Ikura (Salmon Roe)

Our ikura is a specialty product processed for our clients from Japan, as well as domestic Japanese restaurants. Our ikura can be eaten natural or with flavor (salt, soy sauce) and is currently served in sushi restaurants around the world.

Our Salmon Caviar is renowned as a translucent, deep-orange salmon roe highly prized for its fresh taste and delicate texture. Our Salmon Caviar is produced with great care and skill to maintain its premium quality.

Ikura is known for the vibrant orange color that comes from a group of antioxidant pigments. When salmon are in spawning season and have eggs, they transfer their omega-3 fatty acids, vitamins and minerals into each orb. This is why Ikura has so many health benefits, particularly heart health.

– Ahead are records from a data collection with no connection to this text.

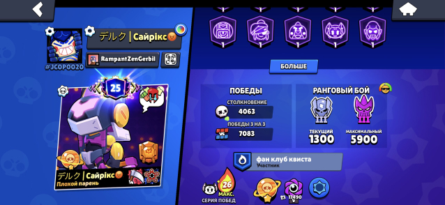 Подробное описание: 💎 ULTRA АКК | Brawl Stars 61K 🏆 | ВСЕ БОЙЦЫ + 10 ЛЕГ / 13 МИФ СКИНОВ | КУПЛЕНО МНОГО BRAWL PASS | Clash Royale 8212 🏆 | 4 ГЕРОЯ | 11 ЭВОЛЮЦИЙ | КУПЛЕНО МНОГО PASS ROYALE, -10КГЕМОВ
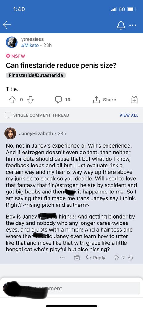 Again, just trying to clear your name lol. I suspect you may be playing with a few cards shy of a full deck.My view on Estrogen is similar to bridgeburn, noah etc. Janey is just a sissy fetishist. I was friends with her yes, just like with every other person on here who was being nice to me. She tried to groom me in DMs ffs, do you not understand. I told her to leave me alone before all of this drama exploded. So don't gaslight me.
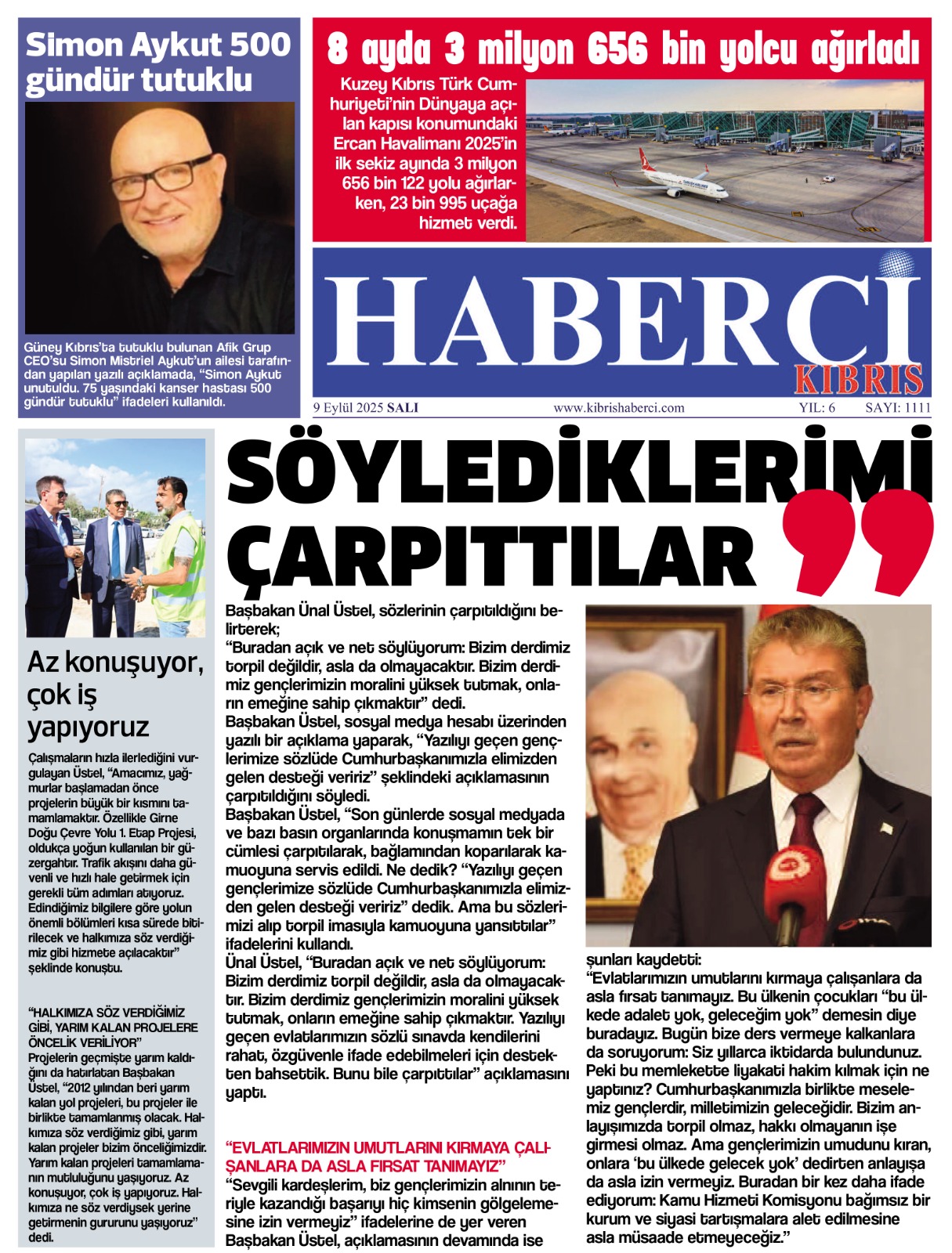 3. 9 EYLÜL SALI… GAZETE MANŞETİMİZ

Ikura is available from all five of our salmon species.

Specialty Products

Roe on Kelp

We specialize in extra thick salted herring roe on kelp. Wild spawning herring densely cover each blade of kelp with herring roe naturally. Each piece of kelp is packed with an ocean fresh aroma and crispiness from both the roe and the kelp. This unique product forms when herring lay their eggs on each side of the kelp. The roe is full of rich proteins, minerals and vitamins.

Roe on kelp is native in British Columbia and Alaska. They are commonly known as Komochi konbu in Japan, a primary ingredient for their famous sushi. Its tasty flavor can be best experienced when eaten fresh and raw.

Roe on kelp has a long shelf life; the pieces will remain fresh for 2-3 months as long as they are kept in strong salt water. After the herring roe on kelp has been desalted, they can be stored in the refrigerator, but it is best to eat them while they are fresh.